5. **Outputting and Returning the Response**:
    - The generated response is printed to the console and returned by the function.



In [6]:
# Generate a response from the Llama model
def get_llama_response(message: str, history: list) -> str:
    """
    Generates a conversational response from the Llama model.

    Parameters:
        message (str): User's input message.
        history (list): Past conversation history.

    Returns:
        str: Generated response from the Llama model.
    """
    query = format_message(message, history)
    response = ""

    sequences = llama_pipeline(
        query,
        do_sample=True,
        top_k=10,
        num_return_sequences=1,
        eos_token_id=tokenizer.eos_token_id,
        max_length=1024,
    )

    generated_text = sequences[0]['generated_text']
    response = generated_text[len(query):]  # Remove the prompt from the output

    print("Chatbot:", response.strip())
    return response.strip()

# Creating and Launching the Chat Interface with Gradio

With the LLaMa model set up and ready to generate responses, the final step is to create a user interface for interacting with the chatbot.

In this step, we'll use Gradio to create a chat interface for our chatbot and launch it.


In [7]:
import gradio as gr

gr.ChatInterface(get_llama_response).launch()



Running Gradio in a Colab notebook requires sharing enabled.
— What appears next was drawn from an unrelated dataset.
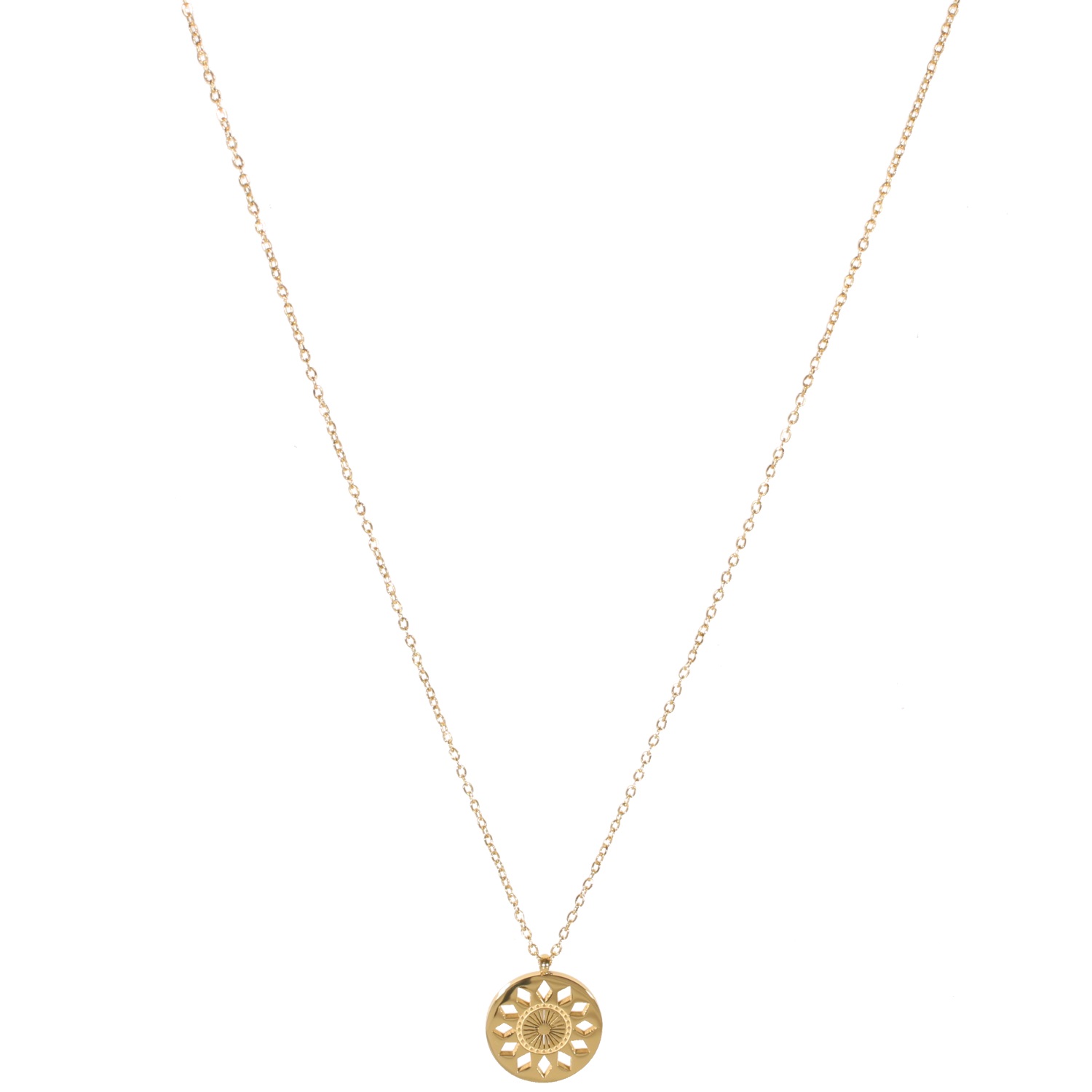 Description Collier composé d'une chaîne et d'un pendentif rond aux motifs ajourés en acier doré. Fermoir mousqueton avec rallonge de 5 cm. Longueur 40+5 cm [Guide des tailles] Matière(s) Acier . L'acier utilisé dans la bijouterie existe sous plusieurs qualités. Nous utilisons principalement la qualité 316L, qualité qui est utilisée en chirurgie. Cet acier est donc inoxydable et reste très résistant. Fermoir Mousqueton À noter Pendentif 15 mm de diamètre Couleur(s) dominante(s) Doré Public Adolescent , Adulte . Genre Femme , Fille . Saison Indémodable . Collection Royale inca Cliquez sur une matière, un thème, une couleur ou une collection pour voir tous les articles associés.

Automatically setting `share=True` (you can turn this off by setting `share=False` in `launch()` explicitly).

Colab notebook detected. To show errors in colab notebook, set debug=True in launch()
* Running on public URL: https://a89af170559d896a5e.gradio.live

This share link expires in 72 hours. For free permanent hosting and GPU upgrades, run `gradio deploy` from the terminal in the working directory to deploy to Hugging Face Spaces (https://huggingface.co/spaces)




# Conclusion

We have successfully built an interactive chatbot leveraging the LLaMa 2 model for natural language processing and Gradio for user interface creation.

With the skills acquired, you are now equipped to further explore and experiment with different large language models, refine the chatbot's performance, or even deploy it in real-world applications. Keep experimenting, and continue expanding your knowledge in the realm of conversational AI and user interface design!